Symmetric Multiprocessing Vs. Asymmetric Processing

Download this article in .PDF format
This file type includes high resolution graphics and schematics when applicable.

Engineers contemplating a migration from a single-core to a multicore processor must identify where parallelism exists in their application. The next decision is how to partition the code over the cores of the device. The two main options are symmetric-multiprocessor (SMP) mode and asymmetric-multiprocessor (AMP) mode.

In some cases, combinations of these make sense as well. There’s just one kernel in SMP mode, and it’s run by all cores. In AMP mode, each core has its own copy of a kernel, which could be different (heterogeneous operating systems) from, or identical (homogenous operating systems) to, the one the other core is executing.

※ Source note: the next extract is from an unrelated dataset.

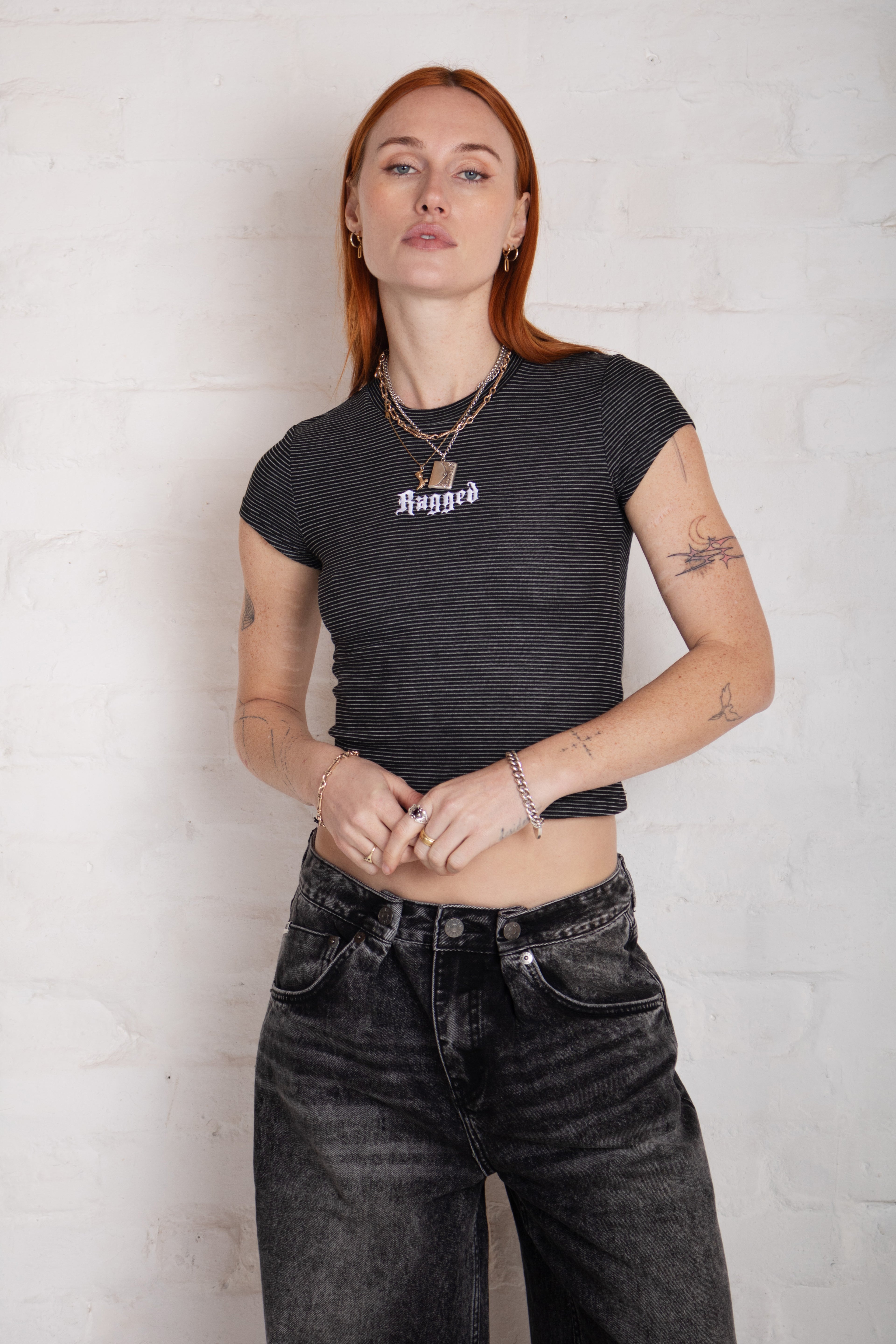 Black and white stripe baby tee with embroidered RAGGED scribble logo

In SMP mode, a single operating system (OS) runs on all processors, which access a single image of the OS in the memory. The OS is responsible for extracting parallelism in the application. It dynamically partitions tasks across the processors, manages the ordering of task completion, and controls the sharing of all resources between the cores.

The latter point is important, especially if there isn’t a one-to-one relationship of chip resources (such as memory controllers) to cores. In this case, the OS will dedicate one core to “own” the resource and alert others if they need to know, but the user needn’t know which core owns the resource.

To the user, the program appears to run on a single processor, and much of the chip complexity is “under the hood” of the OS. This is the simplest programming model. It’s frequently used to scale the performance of an application that has parallelism (i.e., processes), but isn’t inherently parallel (as is the case when managing data streams originating from millions of separate users).

Performance will scale less than linearly with the number of cores put in place. In fact, the incremental value of adding another core approaches zero as the high degree of intercore communication eventually overwhelms the gain adding the core.

In AMP mode, the processor cores in the device are largely unaware of each other. Separate OS images exist in main memory, though there may be a shared location for interprocessor communications. AMP may take the form of multiple instances of the same non-SMP-aware OS.

Or, different OSs may reside on the two cores. For example, if two previously separate processors are being collapsed onto one dual-core device, different OSs may reside on the two cores.

In another usage model for AMP, a statically partitioned, task-offload arrangement-one core manages the computationally intensive calculations while the other runs the main OS. This arrangement sometimes is used with a real-time OS (RTOS), which forwards packets, and the Linux OS, which implements higher-level applications.

In any of these three cases, the user must pay attention to the resource sharing between the two OSs. Neither OS owns the entire chip, so resource sharing isn’t “under the hood” as in SMP mode.

If there’s a single instance of a resource on the multicore device, one core typically “owns” it. That means it receives interrupts and error messages and would be responsible, at the application-level, for passing the required information to the other core.

AMP has some advantages, though. It’s the only approach that works when two separate OSs are in place. Also, resources can be dedicated to critical tasks, resulting in more deterministic performance. And it often has higher performance than SMP, because the cores spend less time handshaking with each other.

The decision to use SMP or AMP largely will be about what’s easiest to implement. Applications that already run on an SMP-aware OS, such as Linux, can easily scale by adding more cores under SMP. AMP is a good choice if the application has obvious parallelism that’s easily partitioned to the number of cores at the user level.

Networked multiprocessing is an asymmetric implementation mostly found in embedded architectures where the system typically has a network connection, shared bus, or shared mailbox for communication between processing elements. Otherwise, the main memory isn’t shared.